Optionally, each pseudo-URL can be associated with user data that can be referenced from your Page function using context.request.label to determine which kind of page is currently loaded in the browser.

Note that you don't need to use the Pseudo-URLs setting at all, because you can completely control which pages the scraper will access by calling await context.enqueueRequest() from the Page function.

Page function

The Page function (pageFunction) field contains a single JavaScript function that enables the user to extract data from the web page, access its DOM, add new URLs to the request queue, and otherwise control Cheerio Scraper's operation.

Example:

async function pageFunction(context) {
    const { $, request, log } = context;

    // The "$" property contains the Cheerio object which is useful
    // for querying DOM elements and extracting data from them.
    const pageTitle = $('title').first().text();

    // The "request" property contains various information about the web page loaded.
    const url = request.url;

    // Use "log" object to print information to actor log.
    log.info('Page scraped', { url, pageTitle });

    // Return an object with the data extracted from the page.
    // It will be stored to the resulting dataset.
    return {
        url,
        pageTitle
    };
}

The code runs in Node.js 16 and the function accepts a single argument, the context object, whose properties are listed below.

The return value of the page function is an object (or an array of objects) representing the data extracted from the web page.

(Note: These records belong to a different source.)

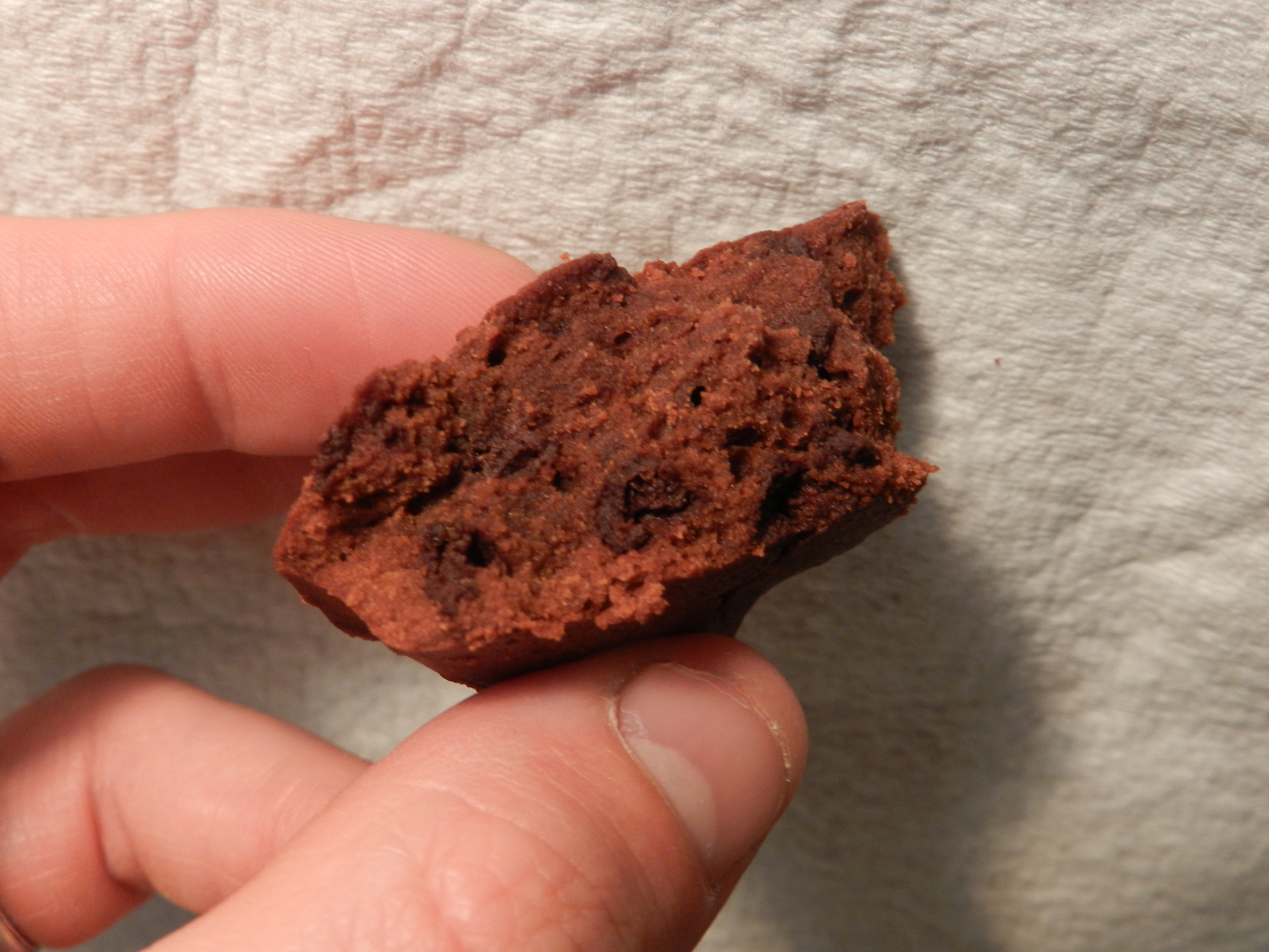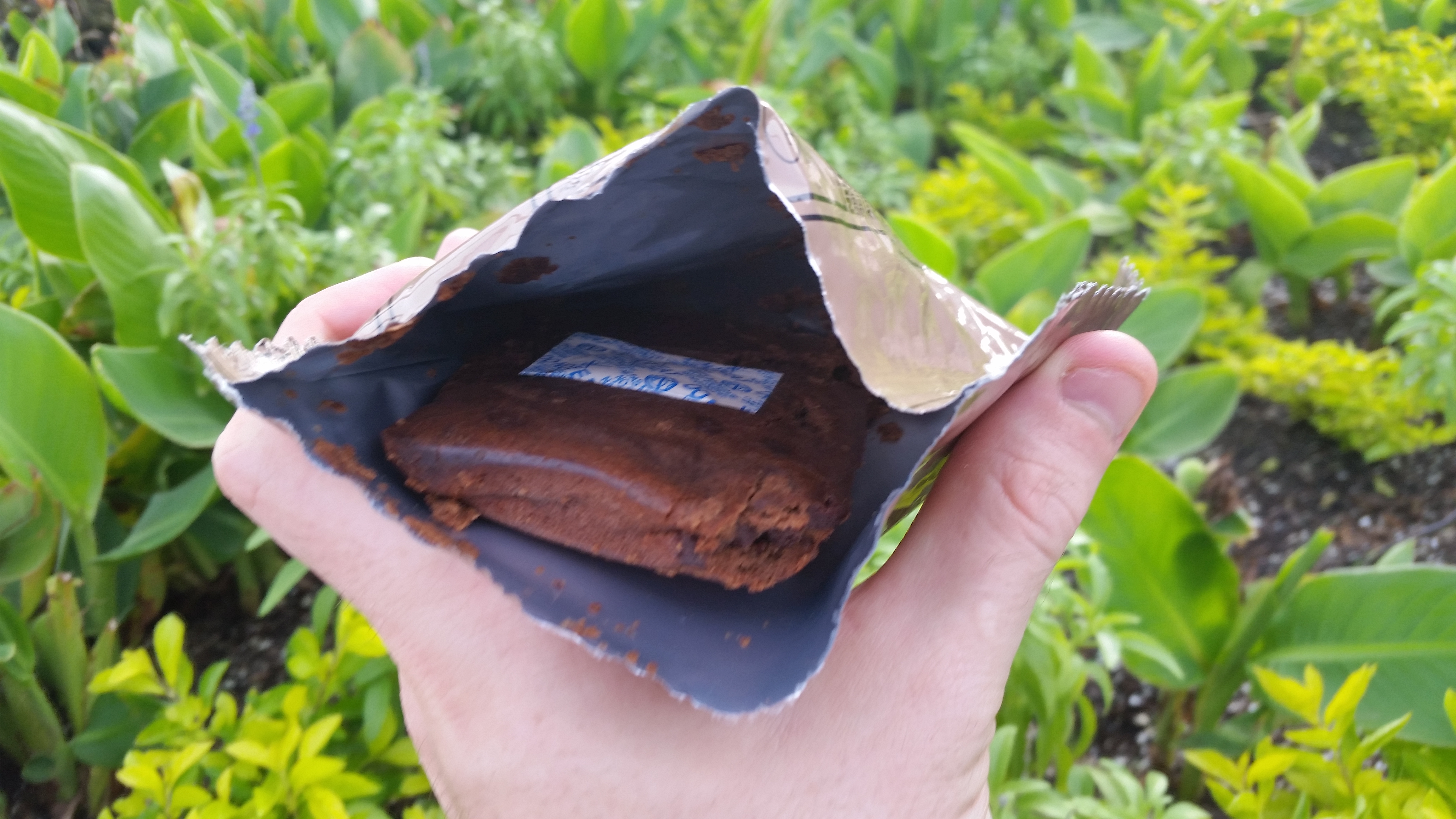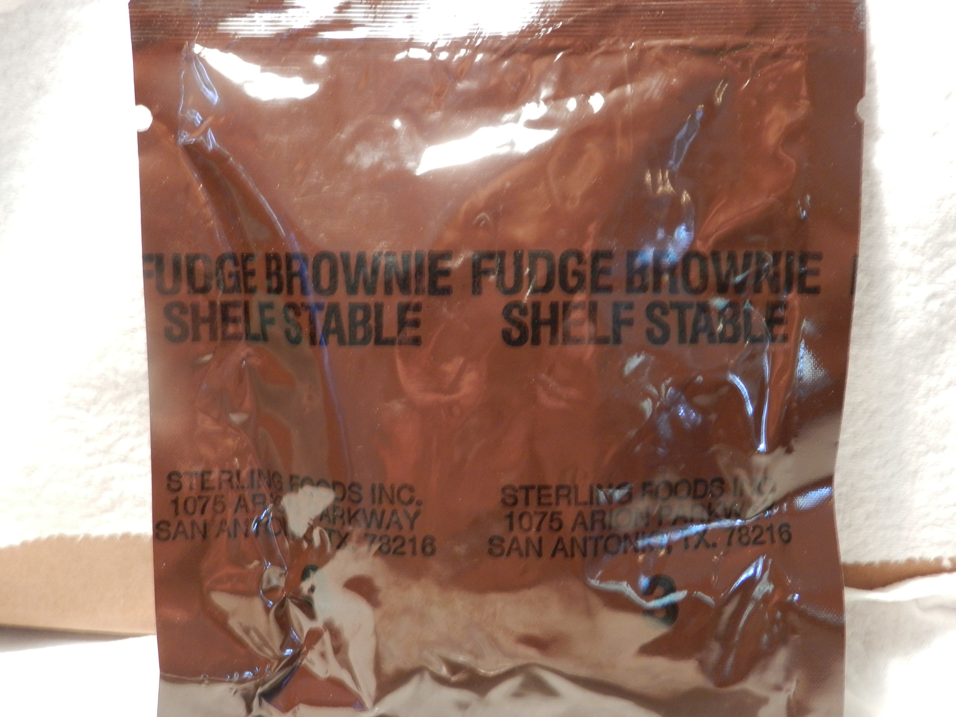 It's more moist than old school mre brownies. Same flavor, different consistancy. The texture is moist, spongy, and the flavor is up to par on my standards, but Carol says it's not "fudgy" enough. So my thoughts for Sterling Foods? Add more cocoa!
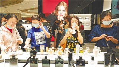 只看氛围,远远不够。再看看明亮橱窗内的各类商品、大幅的时尚海报、扎堆的国际国内知名品牌、挑选商品的人群,感受消费者的“买买买”热情。
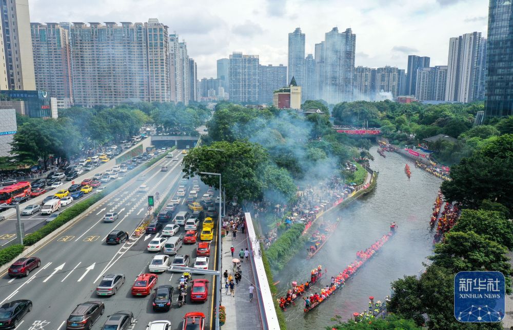 6月10日,獵德村熱鬧的傳統(tǒng)龍舟“龍船景”與繁忙的現(xiàn)代都市交匯相融(無人機(jī)照片)?!褒埓啊笔菑V府地區(qū)水鄉(xiāng)在端午期間舉辦的一種民俗活動(dòng)。新華社記者 劉大偉 攝

The return value must be stringify-able to JSON, i.e. it can only contain basic types and no circular references. If you prefer not to extract any data from the page and skip it in the clean results, simply return null or undefined.

The Page function supports the JavaScript ES6 syntax and is asynchronous, which means you can use the await keyword to wait for background operations to finish. To learn more about async functions, visit the Mozilla documentation.

Properties of the context object:

  • $: Function

    A reference to the Cheerio's function representing the root scope of the DOM of the current HTML page.

    This function is the starting point for traversing the DOM document and extracting data from it. Like with jQuery, it is the primary method for selecting elements in the document, but unlike jQuery it is built on top of the css-select library, which implements most of the Sizzle selectors.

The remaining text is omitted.